:: To do ::
All entries should be copied exactly; the pictures stay out.

Stored dataset items:
Content starts
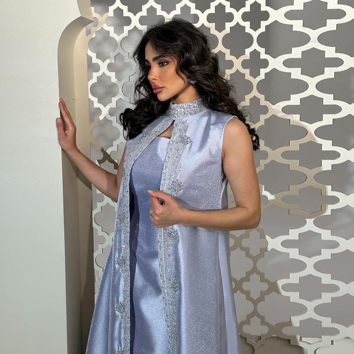 Indulge in pure luxury with our Rhinestone Lilac Kaftan Evening Dress and Cape. This stunning two-piece set features intricate rhinestone detailing and a flowing cape, perfect for any special occasion. Stand out in elegance and sophistication.
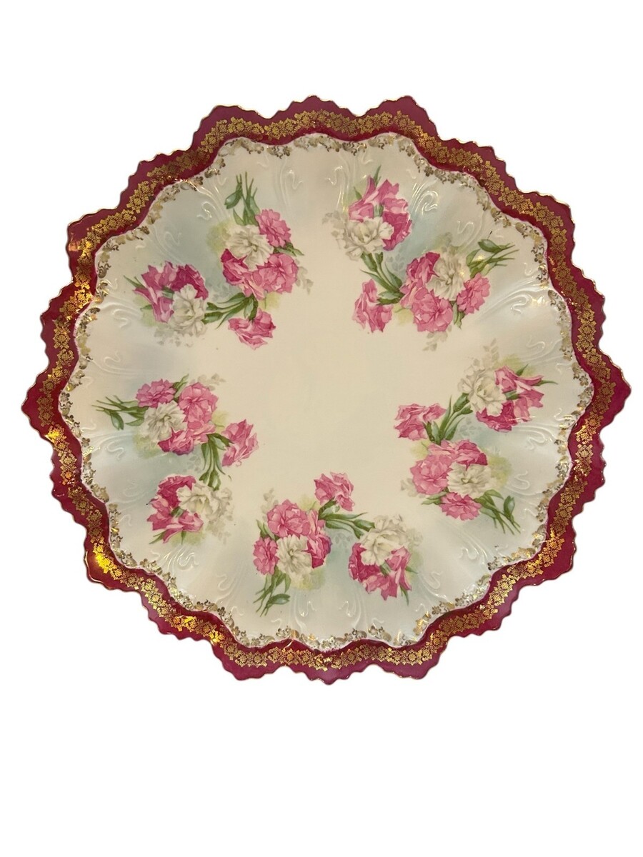 This exquisite porcelain plate showcases the elegance of early 20th-century craftsmanship. With hand-painted roses, intricate gold accents, and delicate scalloped edges, this Habsburg China piece embodies beauty and refinement. Manufactured by Moritz Zdekauer during 1900-1918 in Austria, it represents a timeless treasure for collectors and enthusiasts of antique dinnerware.
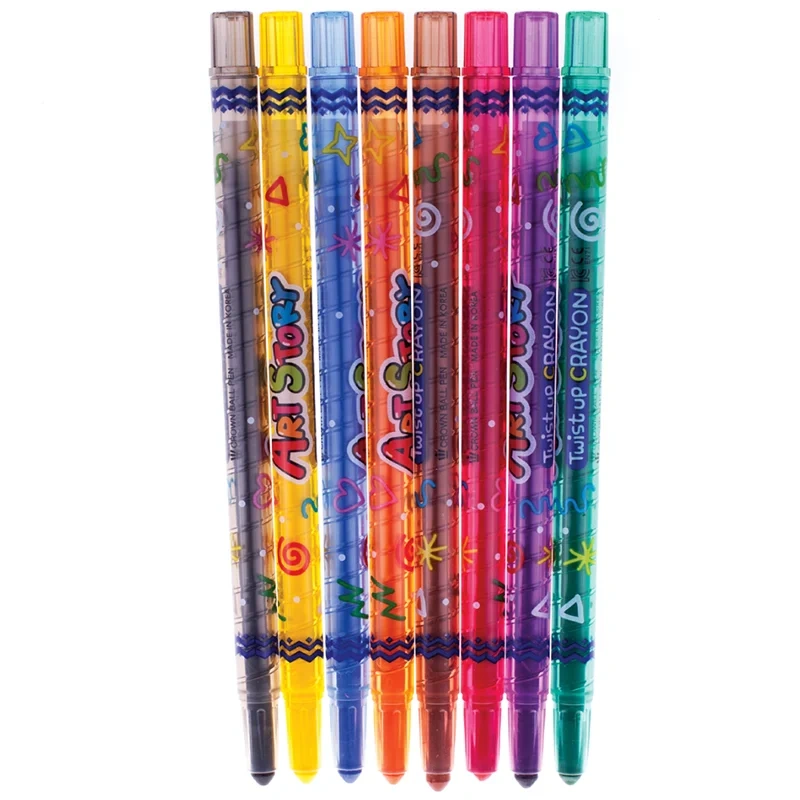 Набор ярких восковых карандашей Crown 'ArtStory' с выкручивающимся стержнем отличаются яркостью и стойкостью цвета, легко смешиваются, создавая огромное количество оттенков.
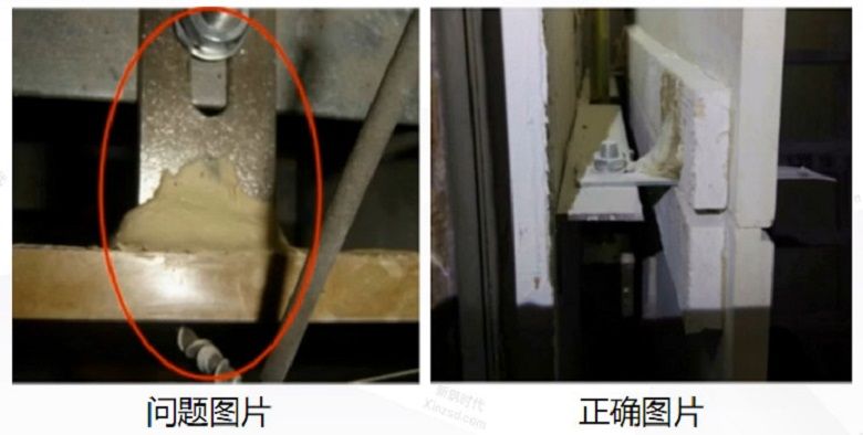 問題分析:預埋件固定位置離墻角過近,膨脹螺栓直接打在墻體抹灰層上導致墻角破壞。
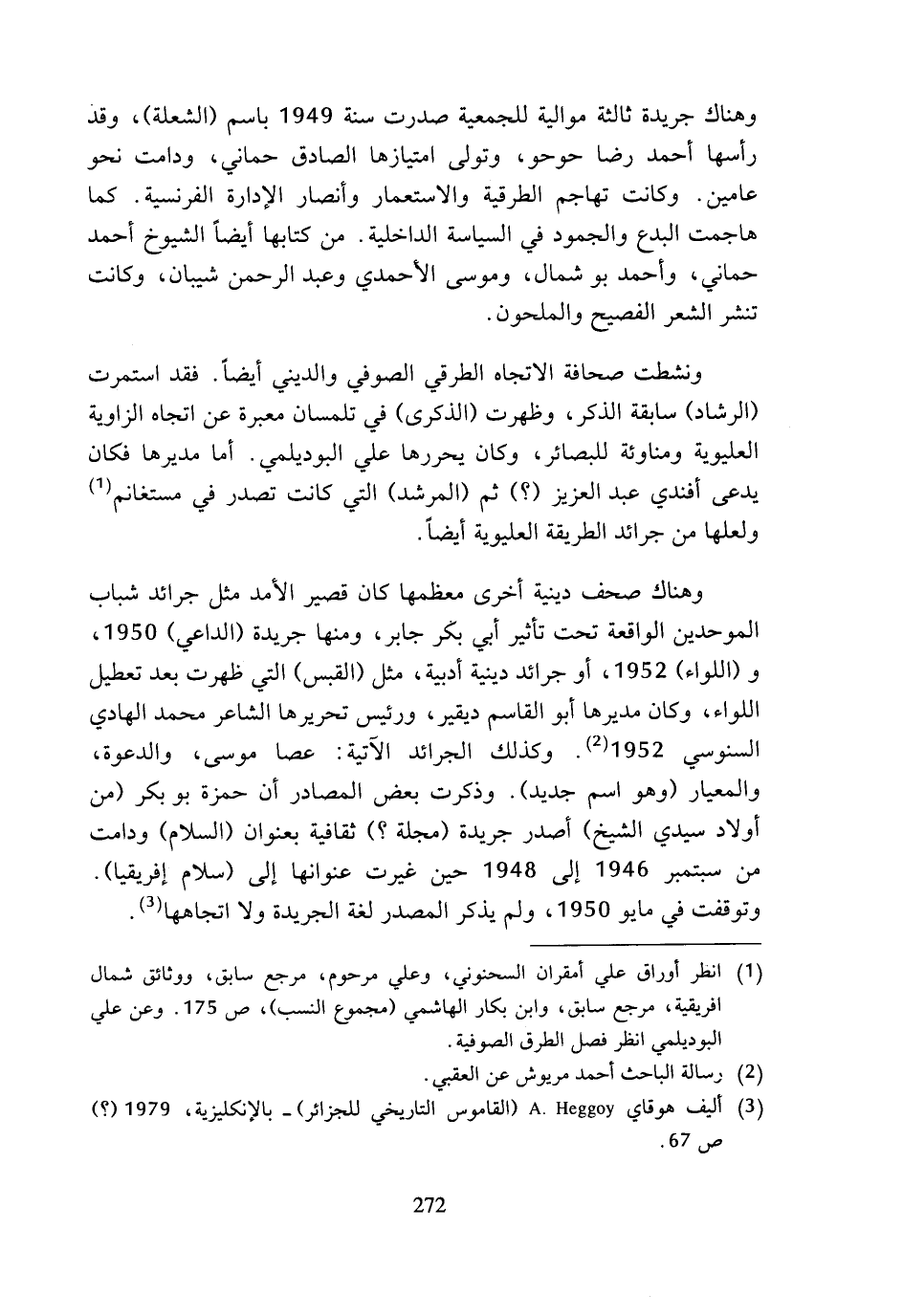 ونشطت صحافة الاتجاه الطرقي الصوفي والديني أيضا. فقد استمرت (الرشاد) سابقة الذكر، وظهرت (الذكرى) في تلمسان معبرة عن اتجاه الزاوية العليوية ومناوئة للبصائر، وكان يحررها علي البوديلمي. أما مديرها فكان يدعى أفندي عبد العزيز (؟) ثم (المرشد) التي كانت تصدر في مستغانم (¬1) ولعلها من جرائد الطريقة العلوية أيضا.
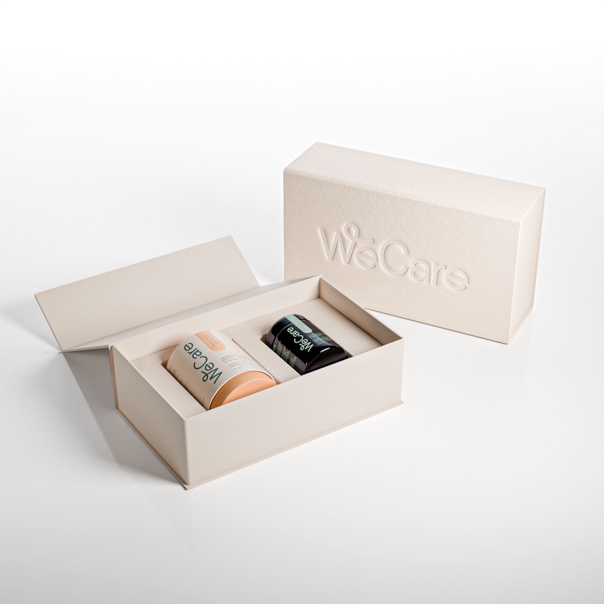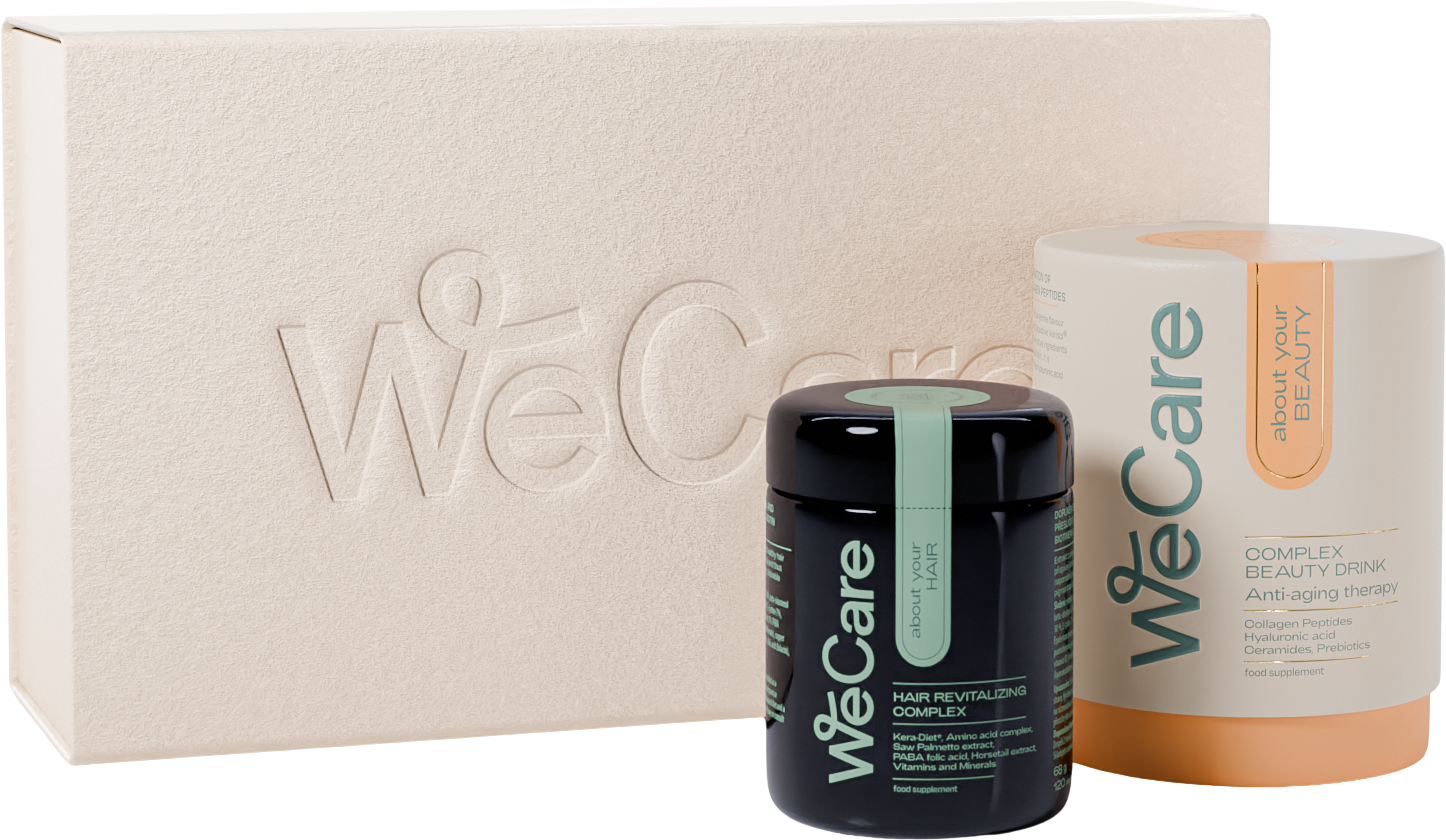 Balíček, který obsahuje dva produkty WeCare: BEAUTY Anti-Aging nápoj s kolagenními peptidy s příchutí mandarinky a HAIR unikátní přípravek pro vnitřní péči o vlasy a vlasovou pokožku. Více informací
Content ends
:: Answer section ::
 Indulge in pure luxury with our Rhinestone Lilac Kaftan Evening Dress and Cape. This stunning two-piece set features intricate rhinestone detailing and a flowing cape, perfect for any special occasion. Stand out in elegance and sophistication.
 This exquisite porcelain plate showcases the elegance of early 20th-century craftsmanship. With hand-painted roses, intricate gold accents, and delicate scalloped edges, this Habsburg China piece embodies beauty and refinement. Manufactured by Moritz Zdekauer during 1900-1918 in Austria, it represents a timeless treasure for collectors and enthusiasts of antique dinnerware.
 Набор ярких восковых карандашей Crown 'ArtStory' с выкручивающимся стержнем отличаются яркостью и стойкостью цвета, легко смешиваются, создавая огромное количество оттенков.
 問題分析:預埋件固定位置離墻角過近,膨脹螺栓直接打在墻體抹灰層上導致墻角破壞。
 ونشطت صحافة الاتجاه الطرقي الصوفي والديني أيضا. فقد استمرت (الرشاد) سابقة الذكر، وظهرت (الذكرى) في تلمسان معبرة عن اتجاه الزاوية العليوية ومناوئة للبصائر، وكان يحررها علي البوديلمي. أما مديرها فكان يدعى أفندي عبد العزيز (؟) ثم (المرشد) التي كانت تصدر في مستغانم (¬1) ولعلها من جرائد الطريقة العلوية أيضا.
 Balíček, který obsahuje dva produkty WeCare: BEAUTY Anti-Aging nápoj s kolagenními peptidy s příchutí mandarinky a HAIR unikátní přípravek pro vnitřní péči o vlasy a vlasovou pokožku. Více informací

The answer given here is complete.